== Data

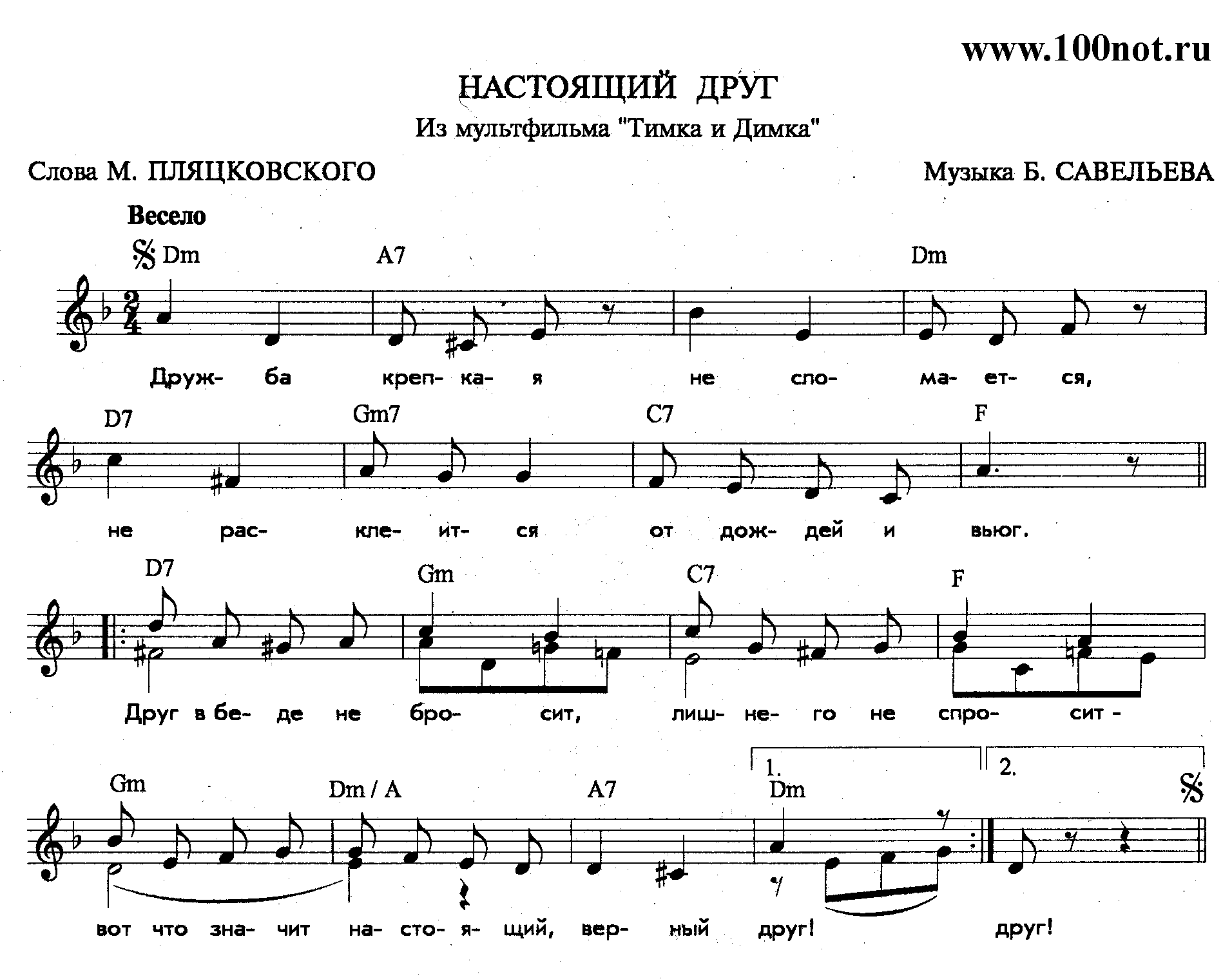 Дружба крепкая не сломается, Не расклеится от дождей и вьюг. Друг в беде не бросит, лишнего не спросит — Вот что значит настоящий, верный друг! (2 раза)
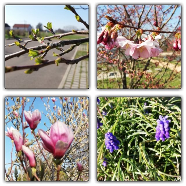 Vi har verkligen våren med oss. Vi har sett tussilago, körsbärsträden står i blom, påskliljor, magnolia, forsythia och träden har musöron.
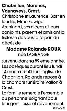 Madame Rolande ROUX née LAGRANGE
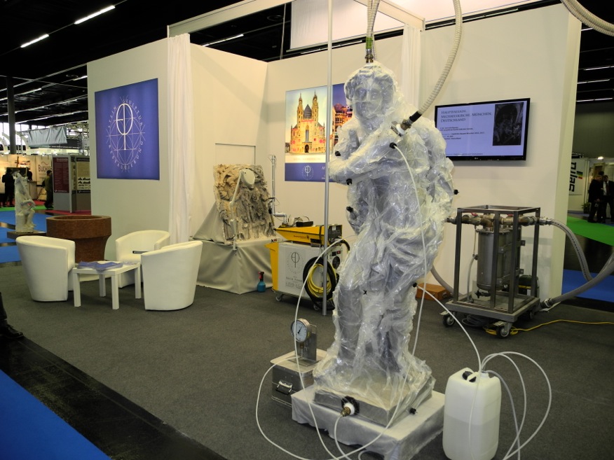 Managing Director Erich Pummer, Bmstr DI (FH) DI Ewald Zederbauer, Ernst Wandl and Mag. Michael Soska were available for questions and presented live the patented Vacuum-Consolidation-Method (VAC) and the natural stone cleaning using laser technology. Likewise, positive and negative of various impressions and an original, already restored Gothic baptismal font were exposed.
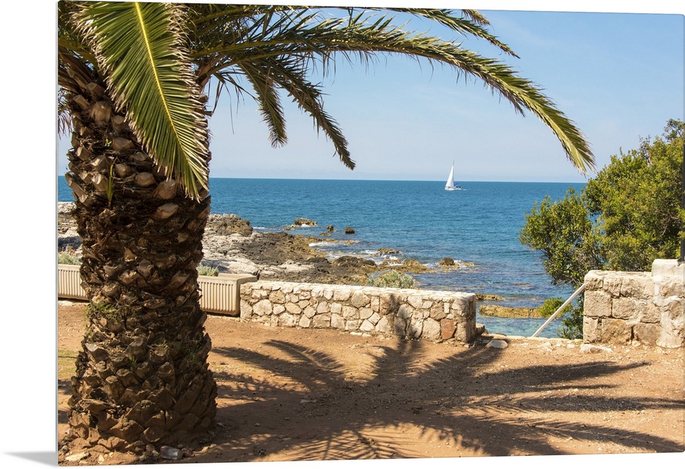 <p>Croatia, Dubrovnik, Lokrum Island, Sailboat Passes In Calm Adriatic Sea</p>
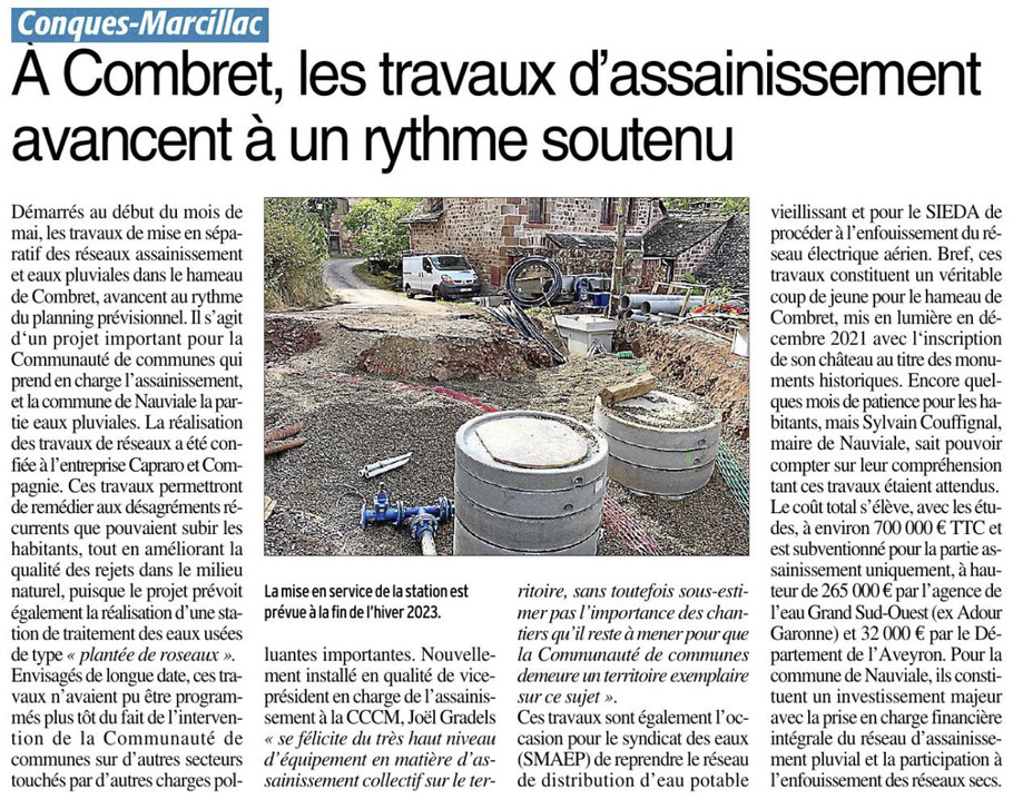 Dans le cadre de l'amélioration des infrastructures, l’important projet d'enfouissement des réseaux secs (électricité et télécommunications) et de reprise du réseau pluvial à Labro est en préparation en lien avec le SIEDA, avec un début des travaux attendu pour la fin de l'année. Par ailleurs, le cimetière de Combret bénéficiera d'aménagements avant l’été avec la création de cavurnes et d'un columbarium, répondant ainsi aux besoins des familles.
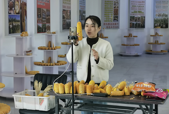 在故城农商通电子商务有限公司直播间,主播红姐正举着一根金灿灿的玉米,对着镜头热情推介:“家人们看,这就是‘伟科818’成熟后的样子!穗匀、粒深、颜色亮,抗倒伏、产量稳,亩产900公斤以上!”她轻轻掰开紧密排列的籽粒,“现在下单的种子,种出来的玉米,就长这样!”桌上还摆着不同品种的果穗作对比。郭爱民拿着一穗玉米笑着说:“乡亲们认准这个穗形才敢买种子。我们现场展示,就是让大家买得明白、种得踏实。”
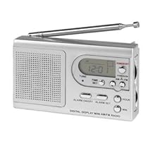 SC1100 - DIGITAL AM/FM RADIO - Portable AM/FM/SW1-2 4 band radio AC/DC compatible Digital readout with LCD display Time display Alarm function Volume control Analog tuning Built-in speakers Telescopic antenna Foldable handle Power by 2-AAA size batteries (not included) Built-In Hand Strap
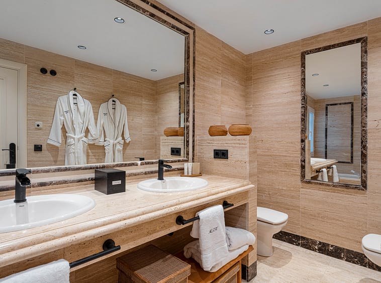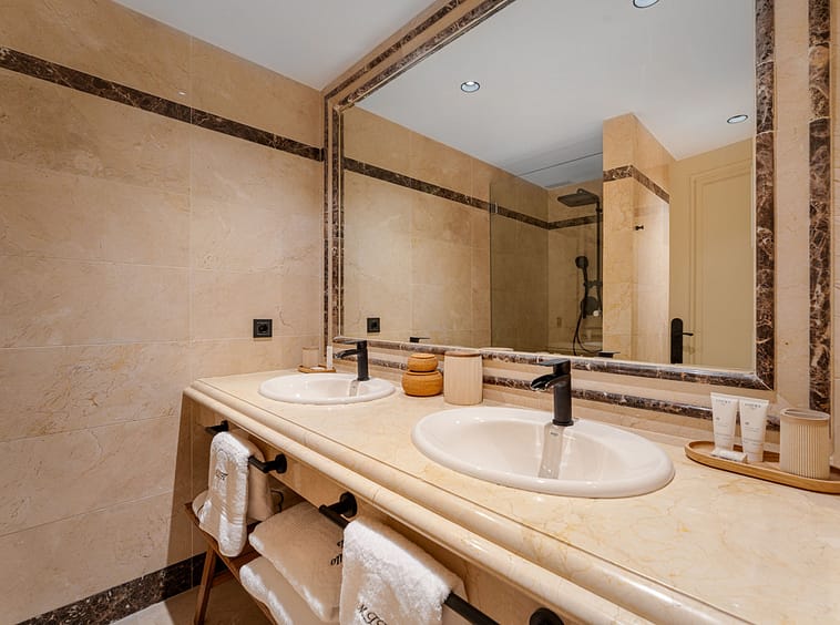 The three private double suites have been designed to offer an atmosphere of absolute serenity and exclusivity. Two of the bedrooms feature elegant en-suite bathrooms with underfloor heating, creating a sense of well-being throughout the year.
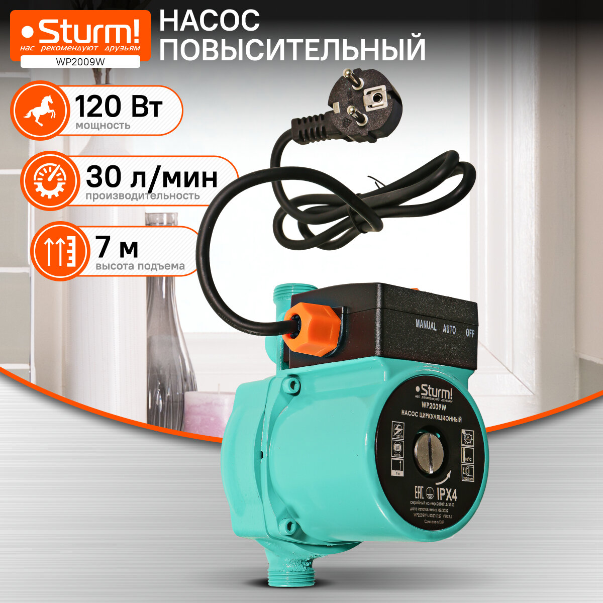 Насос повысительный Sturm! WP2009W 120Вт, 30л/мин, напор 9 метров интересное:
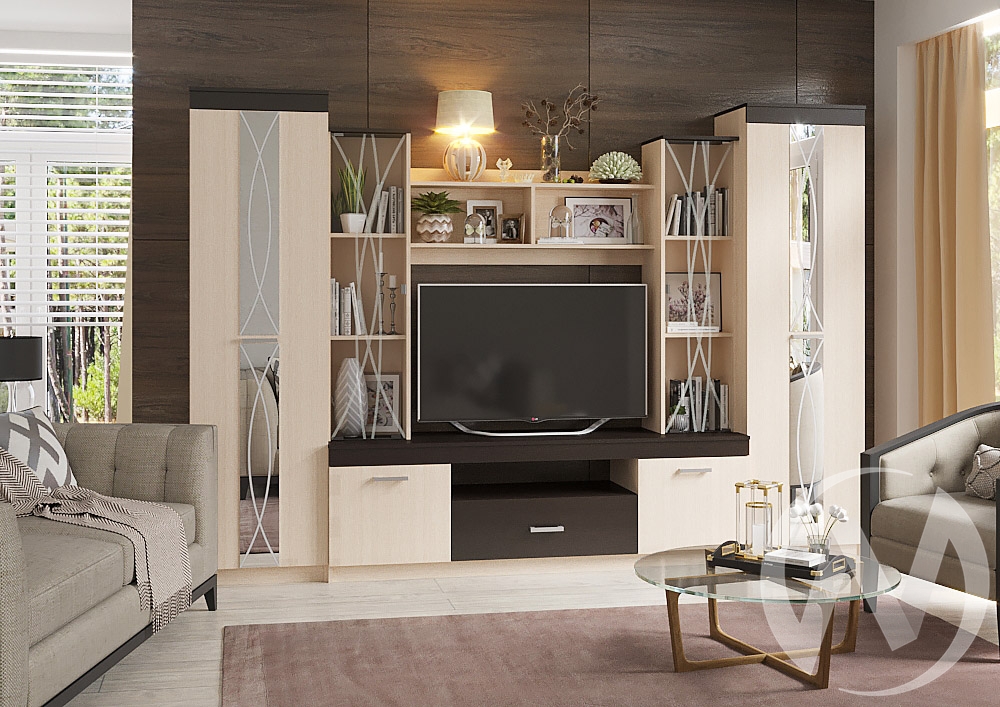 Стенка "МЕЛАНЖ" 2860*468*2090 /Венге/Белфорд/ - Атлас Мебели

====

- _Work task_
From the line that includes "SC1100 - DIGITAL" on down to the last line of the entries above, set down each line exactly, leaving out the pictures.

- _Response box_
 SC1100 - DIGITAL AM/FM RADIO - Portable AM/FM/SW1-2 4 band radio AC/DC compatible Digital readout with LCD display Time display Alarm function Volume control Analog tuning Built-in speakers Telescopic antenna Foldable handle Power by 2-AAA size batteries (not included) Built-In Hand Strap
 The three private double suites have been designed to offer an atmosphere of absolute serenity and exclusivity. Two of the bedrooms feature elegant en-suite bathrooms with underfloor heating, creating a sense of well-being throughout the year.
 Насос повысительный Sturm! WP2009W 120Вт, 30л/мин, напор 9 метров интересное:
 Стенка "МЕЛАНЖ" 2860*468*2090 /Венге/Белфорд/ - Атлас Мебели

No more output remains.